De hecho, narra, el trabajo del doctor Francisco Hernández describe dos especies del género Dahlia –D.pinnata de Cavanilles y D. coccinea– como plantas de ornato y con algunas propiedades medicinales.

Treviño de Castro asevera que hoy, de acuerdo con estudios de la Universidad Autónoma Chapingo, se conocen con mayor certeza sus bondades para disminuir los niveles de glucosa en sangre, problemas intestinales y de infecciones en ojos, oídos y piel.

Esto porque tiene inulina, fibra, ácido benzoico y prebióticos, por ejemplo, que han sido identificados en el tallo hueco de la planta.

De ahí que las dalias son conocidas también con el nombre de “acocoxóchitl”, “acocotli” o “cohuanenepilli” (tallos huecos con agua).

Hace unos 500 años, recuerda, fueron enviadas por primera vez a España para ser cultivadas y modificadas en su estructura, lo que dio origen a nuevos colores, tamaños y formas. “De tal manera que de la dalia de ocho pétalos obtuvieron flores de 200 pétalos y del tamaño de una pelota de futbol”, acota.

“Eso los maravilló y los entusiasmo para distribuir en más países europeos, inclusive hasta Rusia”, argumenta y añade que Alemania le dio el nombre de Dahlia en honor al botánico sueco Andreas Dahl. “Nosotros le quitamos la h y no queremos que se pierda el nombre náhuatl acocoxóchitl”, resalta.

Sin duda, acentúa, el atractivo de esta flor ha impresionado al mundo entero y, de acuerdo al registro internación de la Dalia, ubicado en Inglaterra, hay más de 50 mil variedades y le sigue la rosa, con 20 mil.

Por ello, a finales de julio próximo, Xochimilco será nombrado cuna de la Dalia por el delegado Avelino Méndez Rangel. “Es aquí donde empezó a florecer, donde renació la tradición y donde impulsan hoy su cultivo; es importante que sepan que Xochimilco es la cuna”, recalca.

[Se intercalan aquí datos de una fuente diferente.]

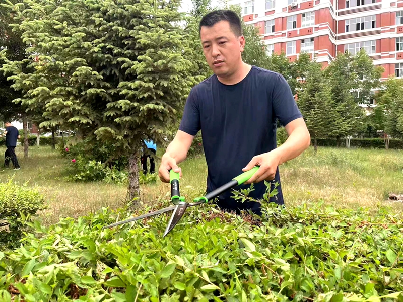 “緊密聯(lián)系師生,扎根基礎(chǔ)服務(wù)”,是石振宇的工作信條。作為一名后勤干部,他始終不忘服務(wù)重點(diǎn)是師生,始終牢記全心全意為人民服務(wù)的根本宗旨??倓?wù)科負(fù)責(zé)全校的室外衛(wèi)生保潔、綠化美化工作。為保證校園環(huán)境的干凈、整潔,石振宇堅(jiān)持每天提前一個(gè)小時(shí)到學(xué)校例行對(duì)四個(gè)校區(qū)進(jìn)行檢查巡視,遇見衛(wèi)生情況不達(dá)標(biāo)或者影響師生出行安全的高大喬木都會(huì)逐一記錄,為后續(xù)的修剪申報(bào)與實(shí)施做好準(zhǔn)備工作,2022年度他帶領(lǐng)員工修剪存有安全隱患的樹木共計(jì)55株;發(fā)現(xiàn)部分樹種出現(xiàn)蟲害的情況后,他第一時(shí)間聯(lián)系林學(xué)專家虛心請(qǐng)教治理辦法,經(jīng)多次試驗(yàn)探索終于找到了一種經(jīng)濟(jì)實(shí)惠、可以從源頭消滅害蟲天牛的方法,組織員工及時(shí)對(duì)受侵害的45株糖槭進(jìn)行了注射及噴涂處理,防止了受害面積的進(jìn)一步擴(kuò)大;綠化工作是繁重而枯燥的,但石振宇堅(jiān)持苦中作樂,炎炎夏日頭戴草帽手持工具和其他同事一起栽種花卉、割草、修剪綠籬等,去年夏季共將8000余株草花栽種在各花壇和花池中,利用灑水車和水帶對(duì)校園綠地灌溉16次。

Esto sucederá luego de que el 13 de mayo de 1963 fue declarada símbolo de la floricultura de México por el presidente Adolfo López Mateos, al considerarla Flor Nacional Mexicana.

Treviño de Castro enfatiza que la iniciativa de Xochimilco es impulsada por su asociación civil y el investigador de la Universidad Autónoma Chapingo, José Merced Mejía Muñoz, quien en 2008 obtuvo la primera variedad mexicana llamada “Cielo de Miriam”.